Ikbal tahu mengkonsumsumsi ayam tiren sebenarnya tidak bagus. Tapi tindakan itu terpaksa dilakukan sebab anggaran latihan untuk memenuhi asupan nutrisi seperti protein dan karbohidrat kompleks kaya serat dari pemerintah daerah tak kunjung cair.
Seorang atlet lainnya, Muhammad Zuhdi Amar, juga menyebut selama ini anggaran jadi salah satu kendala mereka dalam upaya pemenuhan nutrisi. Dia, Ikbal dan beberapa temannya terpaksa memakan daging ayam tiren.
“Kami sebenarnya tidak ingin mengkonsumsi ayam tiren. Ini solusi meski terpaksa untuk mencukupi nutrisi,” katanya.
Dia menjelaskan, dalam olahraga binaraga bentuk tubuh jadi salah satu penilaian penting. Protein termasuk nutrisi wajib dalam pembentukan otot tubuh. Atlet binaraga Kabupaten Malang ini pun terpaksa mendapatkan protein itu dari ayam tiren.
“Kami tahu ayam tiren dari aspek kesehatan dan agama tidak boleh. Tapi mau bagaimana lagi,” ujarnya.

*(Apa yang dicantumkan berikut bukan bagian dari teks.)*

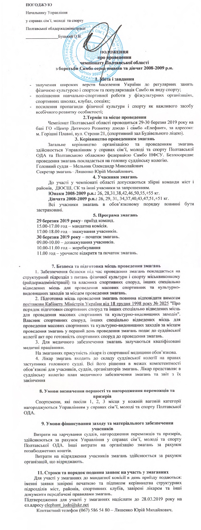 З приходом на посаду регіонального осередку НФСУ в Полтавській області Миколи Лози в регіоні почалася робота з поступового виведення самбо на новий якісний рівень. Так, 29-30 березня Горішні Плавні приймуть дитячі обласні змагання.

Anggaran Tipis untuk Latihan
:strip_icc():format(webp)/kly-media-production/medias/5212726/original/032272000_1746648182-IMG20250507202957.jpg)

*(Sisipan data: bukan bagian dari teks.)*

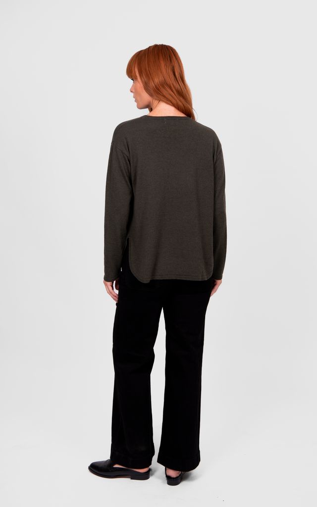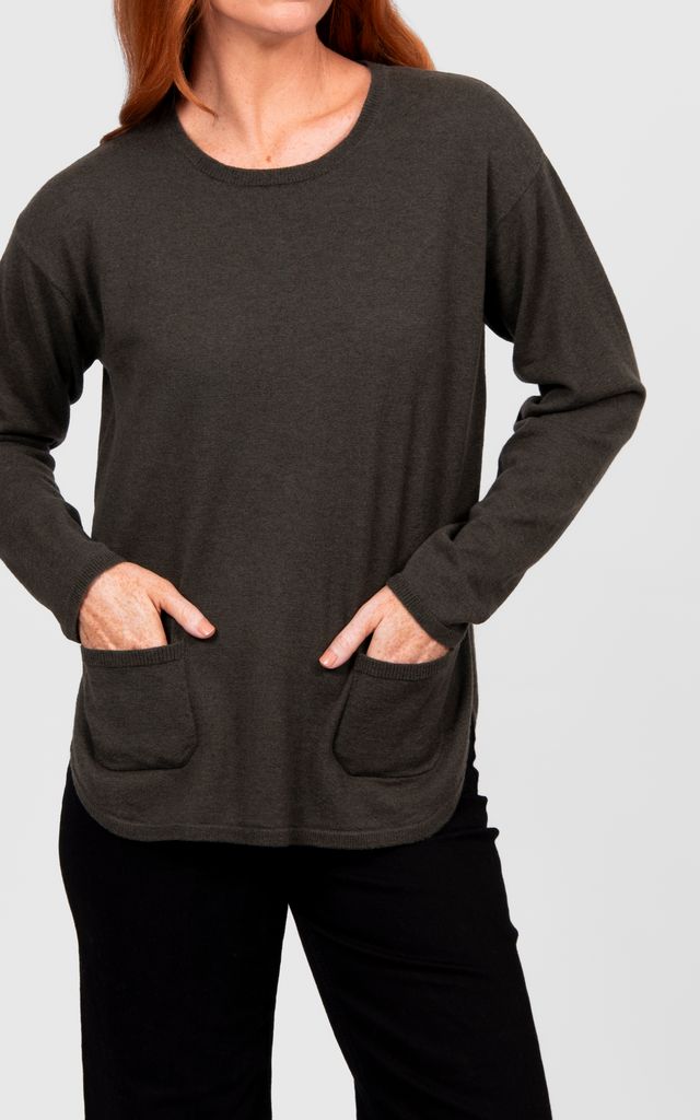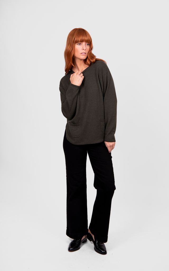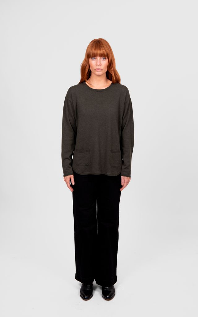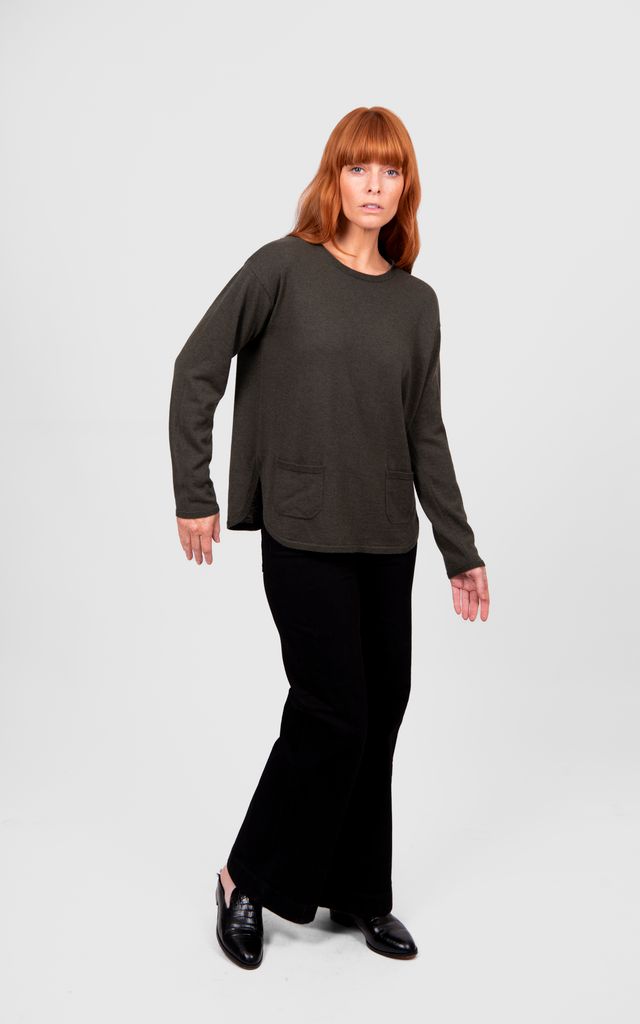 Relaxed Curve Hem Pullover W/Pockets – Olive

Ketua Pengurus Cabang Persatuan Binaraga dan Fitnes Indonesia (Pengcab PBFI) Kabupaten Malang, Indra Khusnul, membenarkan dari 12 atletnya binaannya ada di antara mereka yang terpaksa mengkonsumsi ayam tiren untuk memenuhi kebutuhan protein.
“Di dalam cabang olahraga binaraga itu pengaturan nutrisi hampir 70 persen, sisanya latihan dan pola istirahat. Dalam kasus ayam tiren ini kami terpaksa melakukannya,” kata Indra.

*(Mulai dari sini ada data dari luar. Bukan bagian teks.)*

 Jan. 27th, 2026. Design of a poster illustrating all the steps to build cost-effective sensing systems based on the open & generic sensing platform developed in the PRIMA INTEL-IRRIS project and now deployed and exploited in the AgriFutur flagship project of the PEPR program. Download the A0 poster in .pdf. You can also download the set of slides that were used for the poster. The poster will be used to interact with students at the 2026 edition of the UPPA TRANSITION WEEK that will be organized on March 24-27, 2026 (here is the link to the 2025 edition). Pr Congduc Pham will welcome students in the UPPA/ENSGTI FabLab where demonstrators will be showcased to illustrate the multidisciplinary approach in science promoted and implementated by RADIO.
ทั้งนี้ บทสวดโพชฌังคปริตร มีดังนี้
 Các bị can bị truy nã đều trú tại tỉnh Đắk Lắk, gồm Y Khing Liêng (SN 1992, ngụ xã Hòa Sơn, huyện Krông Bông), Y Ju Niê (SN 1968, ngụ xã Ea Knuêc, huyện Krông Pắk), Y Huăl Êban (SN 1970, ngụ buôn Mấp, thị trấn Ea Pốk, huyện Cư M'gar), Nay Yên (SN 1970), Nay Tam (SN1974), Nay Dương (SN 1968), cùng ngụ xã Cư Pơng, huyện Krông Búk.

Menurutnya, kebutuhan protein seorang atlet tiap harinya berbeda. Atlet kelas di bawah 60 Kg butuh 1 Kg daging ayam, di atas kelas itu butuh 1,5 Kg-2 Kg. Tiap atlet per bulan harus menyiapkan uang Rp 1,5 juta-Rp 2 juta dengan asumsi harga daging bagian dada ayam di pasaran Rp 45 ribu per Kg.
“Itu baru sekedar kebutuhan daging ayam, belum termasuk nutrisi pendukung lainnya,” katanya.
Setiap atlet perlu dana Rp 2,5 juta-Rp 4 juta untuk multivitamin dan suplemen. Sebagian besar atlet binaraga Malang masih berstatus pelajar. Sulit bagi mereka bisa menutupi kebutuhan gizi itu. Sedangkan yang sudah bekerja harus membagi pendapatannya untuk keluarganya.
“Atlet tak bisa dipaksa pakai uangnya sendiri. Selama ini ya pakai duit pribadi saya untuk mencukupi kebutuhan. Ayam tiren ini solusi terakhir dan terpaksa,” urainya.
Dia menyebut sejak 2022 lalu, tiap atlet di bawah Pengcab PBFI Malang mendapat alokasi Rp 600 ribu per bulan dicairkan tiga bulan sekali. Usai viral video ayam tiren, dana untuk tahun anggaran 2025 cair pada 5 Mei kemarin sebesar Rp 1 juta per atlet.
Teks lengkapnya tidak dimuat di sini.